There’s a new girl in town…well, at least among the ranks of Tweeting tunnel boring machines (TBMs).
Over the last few weeks, Chelsea the Chomper (@ChompingChelsea) has begun appearing on Twitter feeds from her not-so-cozy confines 175 feet below the streets of St. Louis, Mo.
Over the next month and a half, the 250-ft long,150-ton TBM will nibble her way through 3,028 feet of limestone to make way for the Lemay Redundant Force Main, the first major construction project in the St. Louis Metropolitan Sewer District’s 23-year, $4.7 billion combined sewer overflow (CSO) program, Project Clear.
The new force main will allow the District’s Lemay Wastewater Treatment Plant to accept a higher volume of wastewater, and permit the first inspections of the system’s original force main since it was constructed 50 years ago.
According to the District, Chelsea’s previous gigs have been in the Caribbean and Latin America, the most recent one being an 8,202-ft power tunnel in Costa Rica. Upon her arrival in the Gateway City, she was renamed for the granddaughter of a principal at tunneling contractor SAK Construction, based in O’Fallon, Mo.

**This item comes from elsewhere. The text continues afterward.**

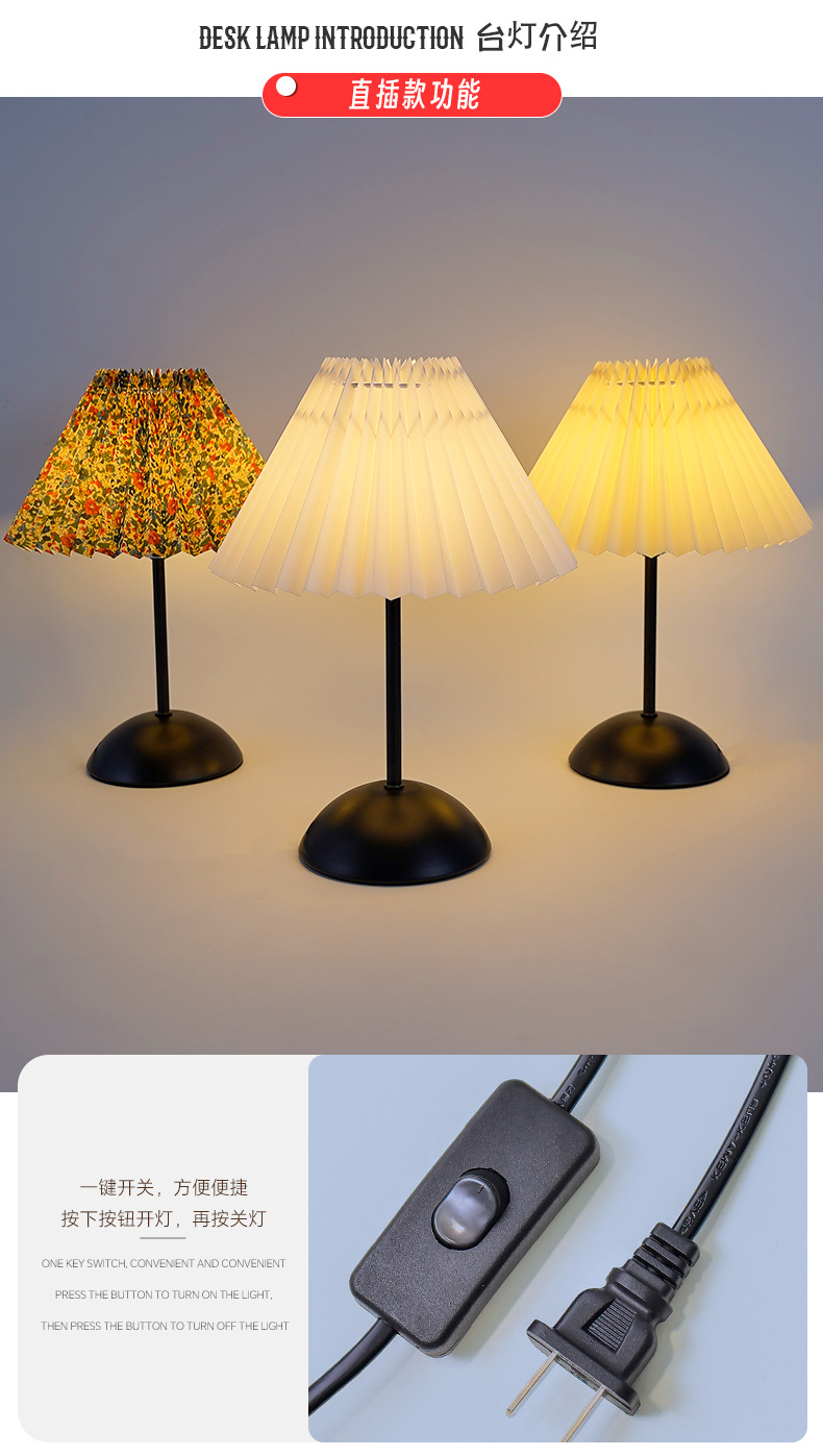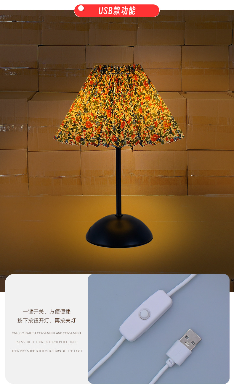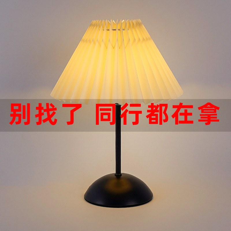 북유럽 스타일 레트로 테이블 램프 미국식 금속 기숙사 침실 잠자는 침대 옆 램프 주름 우산 밤 빛 분위기스토어 가기

Chelsea’s current assignment is relatively brief compared with the marathon efforts of her “sisters” Bertha in Seattle; Lady Bird in Washington, D.C.; and Big Alma and Mom Chung in San Francisco. (Cleveland’s Mackenzie, who completed her dig last year, still Tweets occasionally despite being disassembled.)
But with more tunnels to be constructed under Project Clear over the next two decades, some up to 9 miles long and 230 feet deep, Chelsea may well become as much of a fixture around St. Louis as the Gateway Arch and the baseball Cardinals. (One would think her 11.25 ft diameter cutting head would be of interest to the offensive line coaches of the NFL’s Rams as well.)